Malam hari, rekan kantor di Jogja datang kerumah menjengukku. Waktu itu aku masih ingat atasan mengizinkanku untuk istirahat sampai kondisiku pulih benar. Aku diizinkan kembali kerja hari Senin, 28 November. “Maka nikmat Tuhanmu yang manakah yang kamu dustakan?” Nasib membawakan kemudahan untuk kita menuju 25 November itu.

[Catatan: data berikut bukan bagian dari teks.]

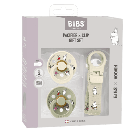 Bibs Mummitrollet smokker er laget av naturlig gummilatex med dekorert skjold. Designet og produsert i Danmark, fri for BPA og PVC. Pakken består av to smokker anbefalt for babyer og småbarn fra 6mnd+, samt en smokkesnor, levert i pen gavepakke
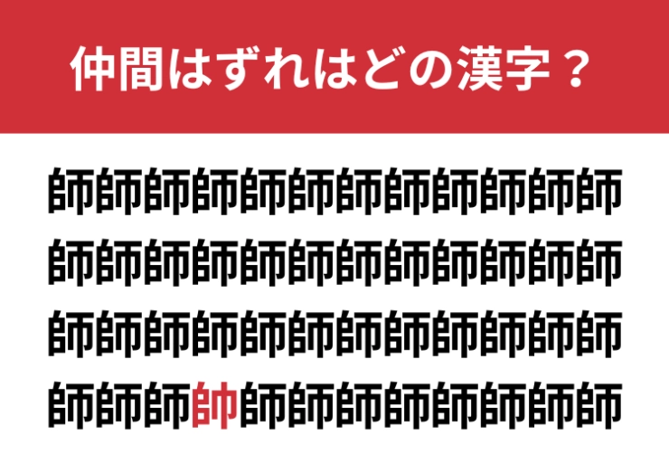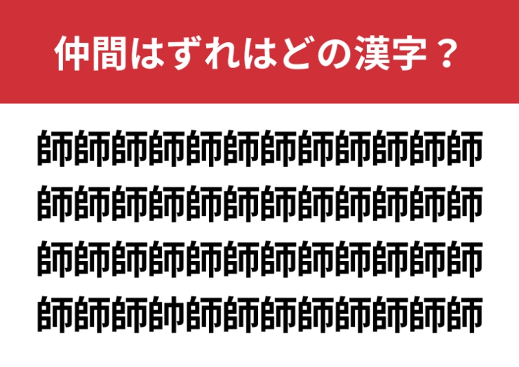 CULTURE 2025.09.18【漢字間違い探し】「師」の中に混ざった漢字は何?毎日忙しくて頭が疲れている・・・という人も多いはず。そんなときは脳トレクイズで楽しく頭をリフレッシュしましょう!並んだ漢字の中から、一つだけ違う漢字を集中して探してみて!仲間はずれはどの漢字?「師」という漢字の中に一つだけ異なる漢字が混ざっています。ヒントは、横棒に注目!正解を知りたい人は、もう少しスクロールしてみて!正解は・・・?正解は「帥(すい)」でした!「師」から横線を一本抜いたこの漢字。「統帥」など、指揮官を意味して使われます。あなたはわかりましたか?脳トレクイズにチャレンジして、疲れた頭をリフレッシュしましょう♪文/andGIRLweb編集部
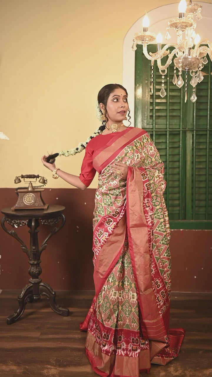 Vinitha || Sap Green, Off-white & Pale Maroon shaded Pure Silk Ikkat Handloom Saree with full body traditional Ikkat design and Dark Red & Golden Zari Border & Pallu
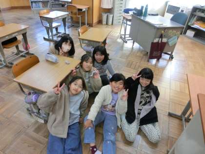 お昼休みの一コマです。何やら女の子集まって楽しそうにおしゃべりをしています。カメラを向すぐのすぐにポーズです。なかよし女子会です。

Kamis, 24 November, aku yang masih dalam perawatan akhirnya menempuh perjalanan 6 jam untuk menuju kotamu, Pati. Tengah malam, bersama rombongan yang disiapkan Bapak Ibu, tiba di Pati. Kau tahu, Cinta, sampai detik itu aku masih gugup untuk menghafal surat Ar Rahman. Meskipun dalam kondisi belum pulih benar, pikiran selalu membawaku pada lantunan surat itu. Ibu beberapa kali menyuruhku beristirahat, mengkhawatirkan kondisiku yang belum pulih benar sudah menempuh perjalanan jauh tapi tetap tak bisa memejamkan mata. Sembari terus menghafal, aku berusaha memaksakan diri untuk memejamkan mata meskipun sejenak. Sampai pagi menjelang, tidurku tidak nyenyak. Sebab, hari sudah mulai menunjukkan nasib siapakah yang akan diingat hari itu.

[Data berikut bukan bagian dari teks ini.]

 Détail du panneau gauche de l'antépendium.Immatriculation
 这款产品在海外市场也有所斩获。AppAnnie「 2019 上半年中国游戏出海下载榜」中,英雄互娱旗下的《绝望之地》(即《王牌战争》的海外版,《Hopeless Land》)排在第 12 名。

Akhirnya mentari menunjukkan bahwa hari itu Jum’at, 25 November 2011. Pagi itu, gerimis masih enggan menuntaskan air untuk Ibu Pertiwi. Bau tanah basah, kicau burung, suara air mengalir sungai, juga lagu Jawa mengalun dari rumahmu. Satu jam menuju kalimat yang akan membebaskan tanggung jawab orang tuamu terhadapmu. Sebab, mulai detik itu, kau menjadi tanggung jawabku, Cinta. Perjalanan menuju kesunyian untuk kita berdua. Nasib yang akhirnya membawaku pada ikrar untuk berani menanggungmu. Saat dengan fasih aku ucapkan ‘Saya terima nikah dan kawinnya Putri Khoirina Ferikasari binti Hadi Pramono dengan seperangkat alat sholat dibayar tunai!’